Written in 1894, The man in black was one of many novels written by Stanley Weyman. He is well known for writing historical novels of romance and evil. This tale is no exception, having as it does a crafty-eyed showman, an evil man in black, a monkey and an orphan boy amongst its characters.
Set in 1637 the novel starts with the fair at Fecamp, at which were:
the pitches of stilt-walkers and funambulists, the morris dancers and hobby-horses: in a word, of an innumerable company of quacks, jugglers, poor students, and pasteboard giants, come together for the delectation of the gaping Normans.
Into this company come the main players of the story: a showman called Master Crafty-Eyes, a sad boy called Jehan, Taras, his monkey and later the "man in black".
Jehan is a boy without a past and at the mercy of the adults in the story. He is under the lock and key of his master, who bought him from gypsies:
"I have to put up the boy…I am not going to lose him for you or for anyone. And for a penny he'd be off!"….It was a vile, evil-smelling place they entered, divided into six or eight stalls by wooden partitions reaching half-way to the tiles. "You cannot lock him in here," said the stranger, looking round him.
The showman grunted. "Cannot I?"
Later, the boy's despair is depicted:
The moon, shining with great brightness through the little square aperture above him…roused him more completely. He sat up and gazed at it, and God knows what softening thoughts and pitiful recollections the beauty of the night brought into his mind; but presently he began to weep--not as a child cries, with noise and wailing, but in silence, as a man weeps. The monkey awoke and crept into his breast, but he hardly regarded it. The misery, the hopelessness, the slavery of his life, ignored from hour to hour, or borne at other times with a boy's nonchalance, filled his heart.
Then he is given a chance to escape, from the mysterious stranger who had accompanied the showman home. This man is Soloman Notredame--the man in black. And although Jehan is no longer beaten or starved he lives in fear of the dark, imposing man who tells him:
"You have sold yourself to the devil. You have sold yourself--body, soul and spirit. You came of your own accord, and climbed on the black horse."
The story unfolds to tell of the adventures Jehan has with "the man in black" who acts as an astrologer for the rich whilst paying the poor for information.
Few in the Rue Touchet knew that the house had a second door, which did not open on the water, as the back doors of the riverside houses did, but on a quiet street leading to it.
M. Notredame's house was, in fact, double, and served two sorts of clients.
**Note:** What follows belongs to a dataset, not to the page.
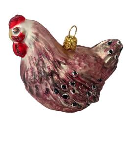 Christbaumschmuck Henne rosa aus Glas – handbemalt & mundgeblasen Weihnachtsanhänger Bauernhof Stil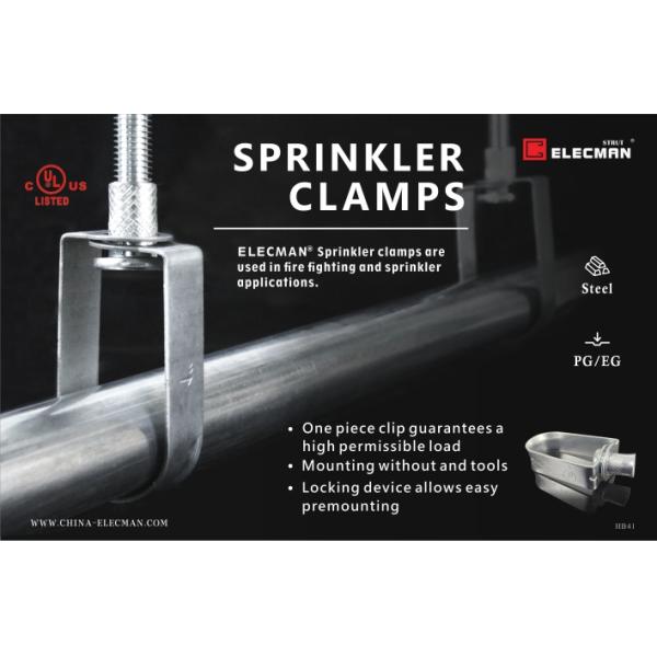 ELECMAN ® Galvanized steel E-Z grip sprinkler loop pipe hanger with knurled nut are used for supporting sprinkler piping in fire protection applications, and recommended for suspending stationary non-insulated pipe lines. Ideal for suspension using Threaded pins and Threaded rods.

Great ladies and courtiers, wives of the long robe and city madams, came to the door in the quiet street, and knew nothing of the Rue Touchet. Through the latter, on the other hand, came those who paid in meal, if not in malt; lackeys and waiting-maids, and skulking apprentices, and led-captains, the dregs of the quarter, sodden with vice and crime--and knowledge.
The story progresses through poisonings and the re-emergence of Master Crafty-Eyes to a final happy ending for the young boy as he is returned to his true family.